For the past year, three other physics teachers and I have been investigating how explicitly teaching an expert-like approach in problem solving affects students in a modeling based physics classroom. We presented our findings Friday July 20th at Arizona State University and our report is, at last, complete!
We didn’t find anything groundbreaking. Unlike many larger/more popular educational innovations, our conclusions are conservative. Although we believe what we did has the potential to be beneficial to some students, we don’t claim it’s a silver bullet. In fact, we found that for students who didn’t build a strong conceptual understanding in physics, our explicit emphasis on problem solving was not beneficial.
Few people will likely be interested in reading our entire paper (it’s quite long!), but some may be interested in selected parts. I’ve posted our paper, Effects of Emphasizing Intentional Problems Solving here.
Here is our abstract:
Students begin their education in physics as novice problems solvers. Instead of carefully defining a problem, using qualitative models, and planning a method of solution, students often immediately attempt to find the answer to the problem. The result of this lack of methodical approach is that students are not only unable to solve problems, they are unsure of even the basic steps that lead toward solutions. Previous research has shown that intentionally teaching expert-like strategies increases students’ problem solving ability. Other studies have found that Modeling Instruction improves students’ expert-like problem solving ability. This study was initiated to evaluate the impact on students’ problem solving skills through teaching explicit problem solving strategies in addition to Modeling Instruction. There was no conclusive evidence that the gains from the two methods were additive; however, this approach was reported to be beneficial by study participants. There was substantial evidence that without a solid conceptual understanding, expert-like problem solving ability was limited.
Application: Expert Method
As a physics teacher, solution fluency is a skill always on my mind. All too often students respond to a physics puzzle with “I don’t know,” as if the solution was a bit of forgotten trivia. Instead of taking small steps that build toward solution, students attempt a single giant leap towards the answer. When this strategy fails – as it inevitably does for challenging problems – they are left with nothing.

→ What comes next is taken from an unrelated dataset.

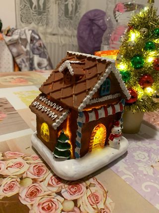 Deliziosa decorazione natalizia con dettagli dorati e una candela rossa. - Base decorata con personaggi e alberelli. - Ideale per creare un'atmosfera festiva.
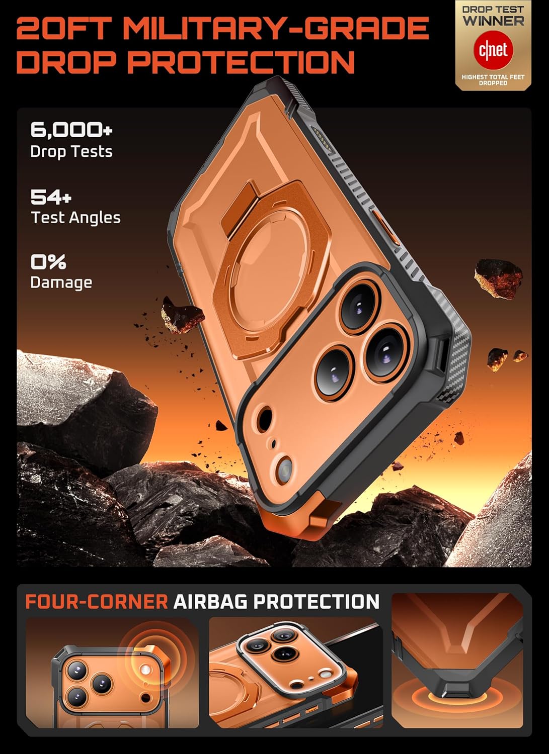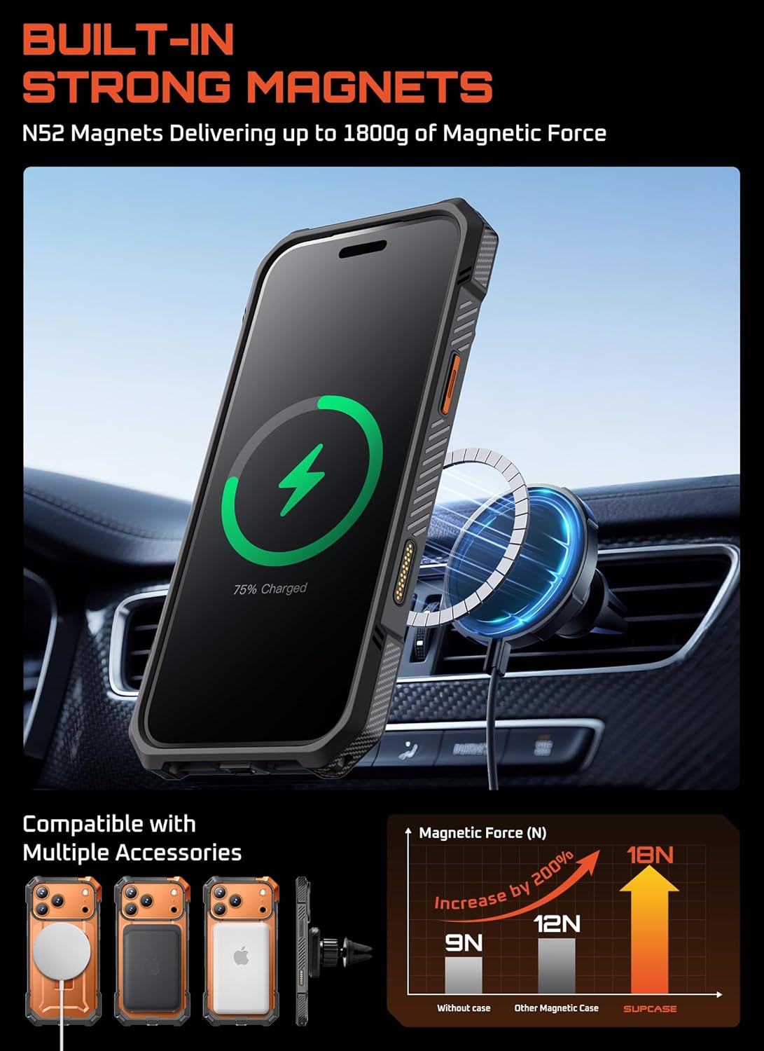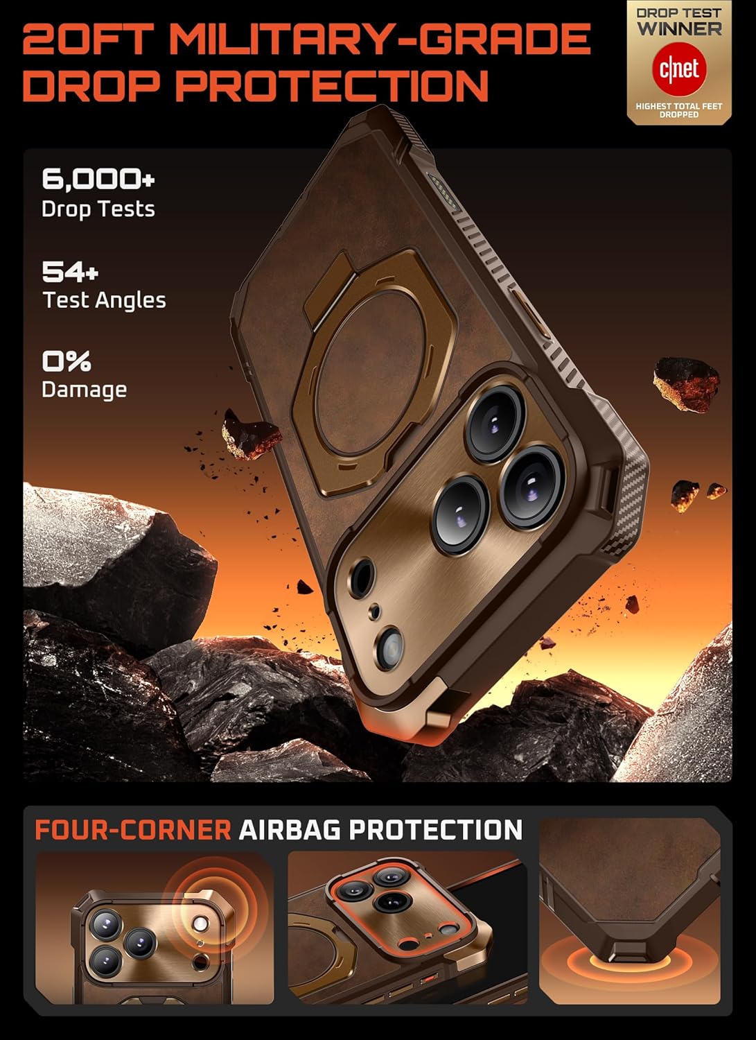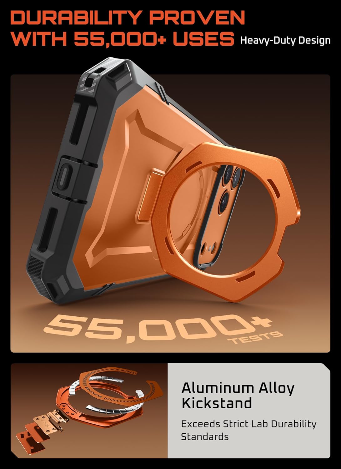 [Kickstand & MagSafe Features]: Built-in aluminum alloy kickstand provides multiple viewing angles. N52 strong magnet with up to 1800g magnetic force ensures seamless compatibility with MagSafe accessories.

As a part of a master’s degree I am pursuing with three other physics teachers, we are conducting action research into problem solving in physics. Although all four of us had already attempted to teach problem solving in our classes, our instruction was mostly ineffective (see psudoteaching). To be sure, our students could tackle problems relying on algorithmic like procedures. It’s hardly solution fluency to blindly follow memorized instructions though.
From the research we read, we discovered that the common types of “example problems” are grossly ineffective at improving student’s problem solving abilities. In hindsight, this is almost embarrassingly obvious since it is the teacher who builds up the problem, the teacher who supplies the logic and the teacher who evaluates the result. Problem solving, and physics in general, are not spectator sports. You can’t learn by watching experts any more then you could basketball.

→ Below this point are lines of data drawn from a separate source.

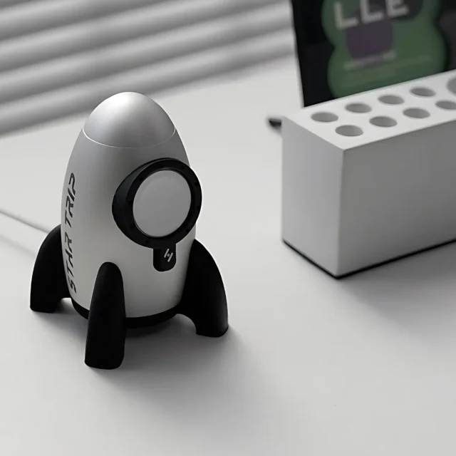 Bring futuristic design and functionality to your Apple Watch setup with the Rocket-Style Metal Charging Dock — the perfect fusion of style, durability, and innovation. Shaped like a sleek metal rocket, this compact charging stand elevates your desk, nightstand, or workspace with a touch of modern flair while keeping your watch charged and ready for takeoff.
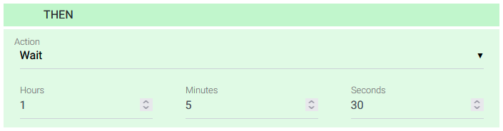 This event action is designed to pause the execution of an event for a specific period of time. The action may be accessed by selecting Wait from the action group menu. Simply enter your time value an save.
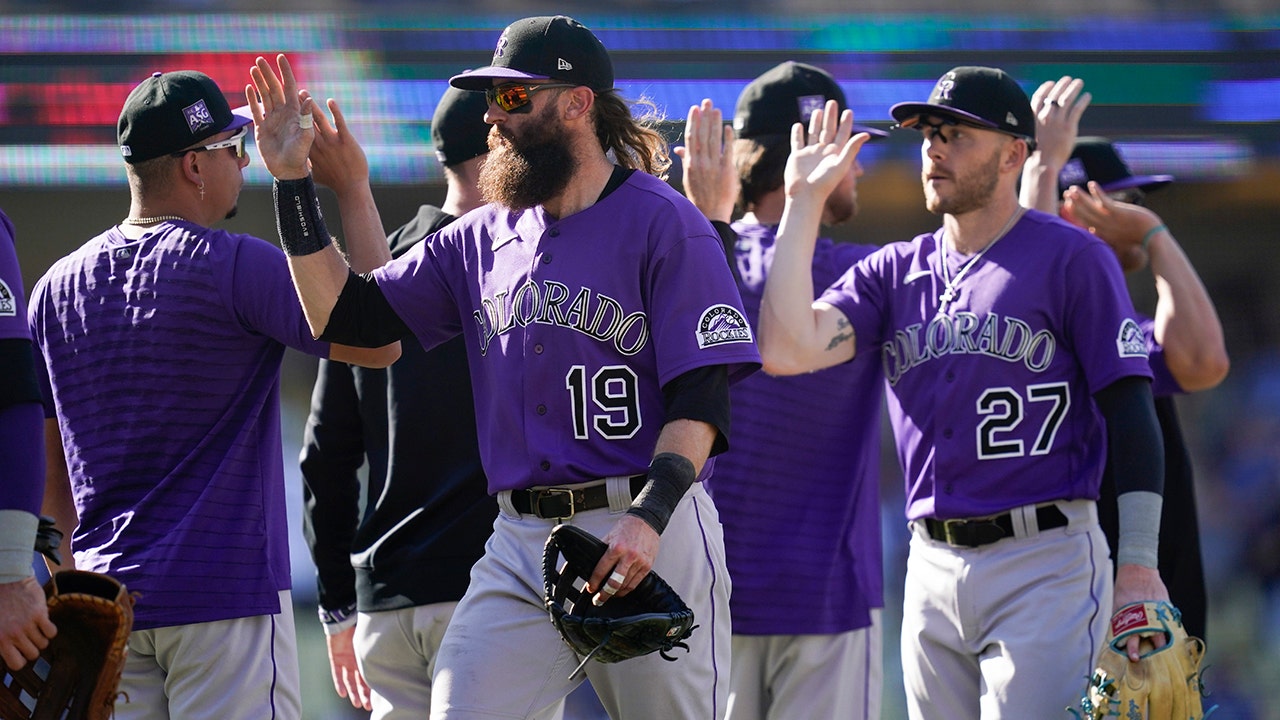 Facing an overworked bullpen, the Dodgers sent All-Star third baseman Justin Turner to the mound in the ninth, the first time he's pitched in his career. He gave up back-to-back singles to Story and Cron before retiring the next three batters and walking off to cheers.
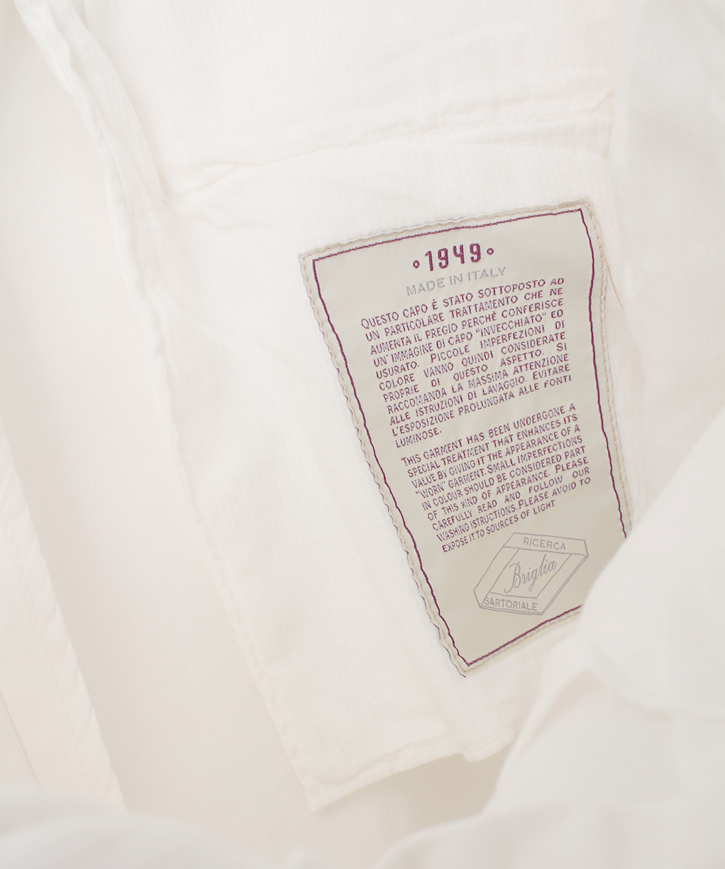 BRIGLIA 1949〈ブリリア1949〉はナポリの東、ベスビオ山の麓を拠点にメンズのパンツに特化したファクトリーとして30年以上の歴史を重ねるフォーテンインダストリー社が手掛けるパンツブランド。イタリアに根付くサルトリアの知識と技術、伝統に誇りを持ちながらもグローバルに視野を広げ、新たなチャレンジを念頭に第2世代となるMichele Carilloが立ち上げたニューブランドです。
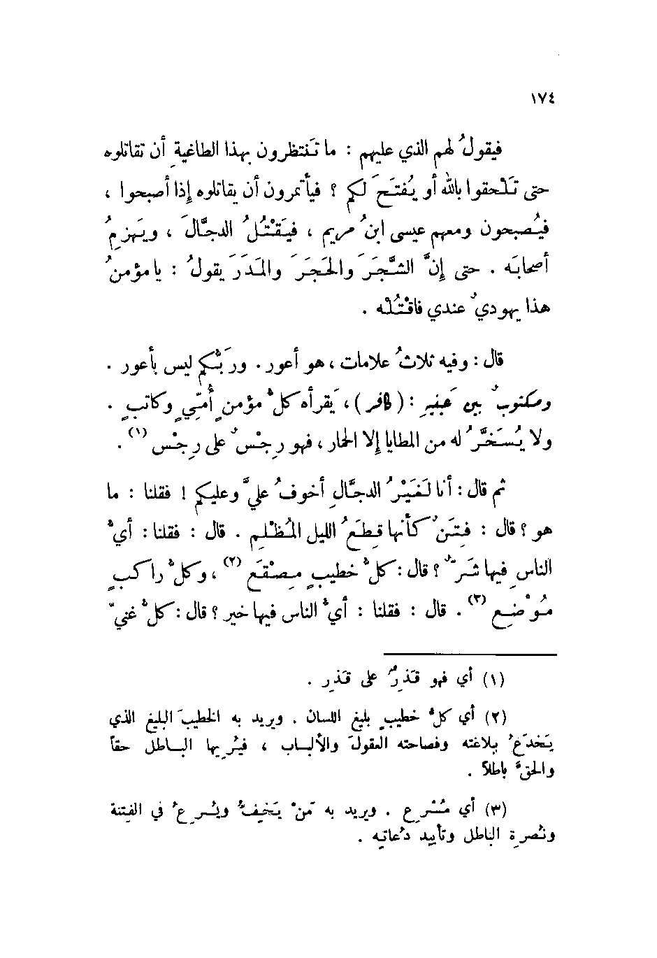 قال: وفيه ثلاث علامات، هو أعور. وربكم ليس بأعور. ومكتوب بين عينيه: (كافر) ، يقرأه كل مؤمن أمي وكاتب. ولا يسخر له من المطايا إلا الحمار، فهو رجس على رجس.
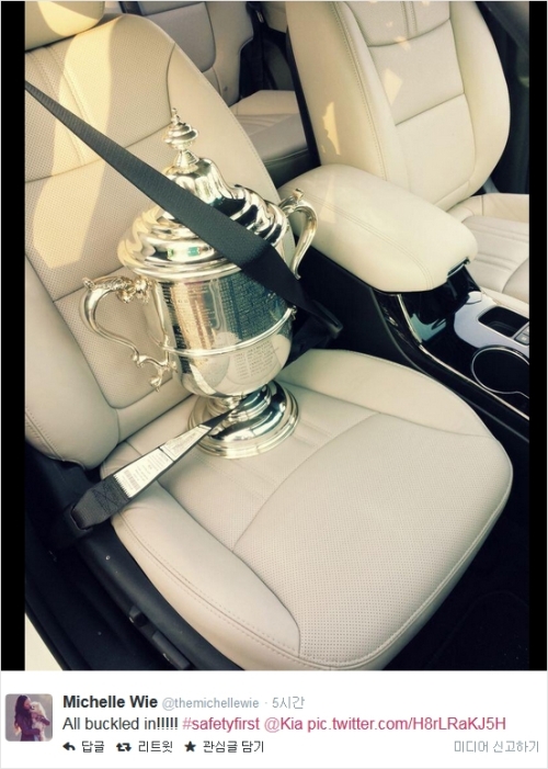 미셸 위는 22일(현지시간) 경기를 마친 직후 자신의 SNS를 통해 안전벨트를 착용한 우승트로피 사진을 게재했다.

There seems to be general consensus that experts effectively solve problems by systematically working from general to specific using the following steps:
- Translate the problem into their own words/pictures (i.e. understand the problem)
- Qualitatively describe the problem (i.e. what major ideas are relevant to the problems solution?)
- Quantitatively describe the problem (i.e. apply specific pieces of major ideas to understand the problem in more depth – in physics this often takes the form of a series of equations).
- Execute a solution (i.e. calculate/solve equations or graphs etc.)
- Evaluate the solution (i.e. use multiple independent checks to determine a solution’s validity)
We took this general problem solving strategy, applied it specifically to physics and then printed out papers for students to solve problems on called the “expert method.” (a picture is below)
Although our research is very much ongoing, there are promising signs. Completely on their own, one of my classes asked if they could have expert method sheets on the final (Yes!!!!!). Additionally, since I require students use the expert method on problems they get stuck on, and most of the steps can be completed even without getting the right answer, it is very easy for me to distinguish between those who didn’t get the homework because they didn’t understand vs. those who didn’t get the homework because of a lack of effort.
Overall, I think this expert problem solving method has potential far beyond its obvious applications in math and science. Just like we have powerful reading strategies, I think we should empower students with specific problem solving strategies. Hopefully students will internalize these strategies with practice.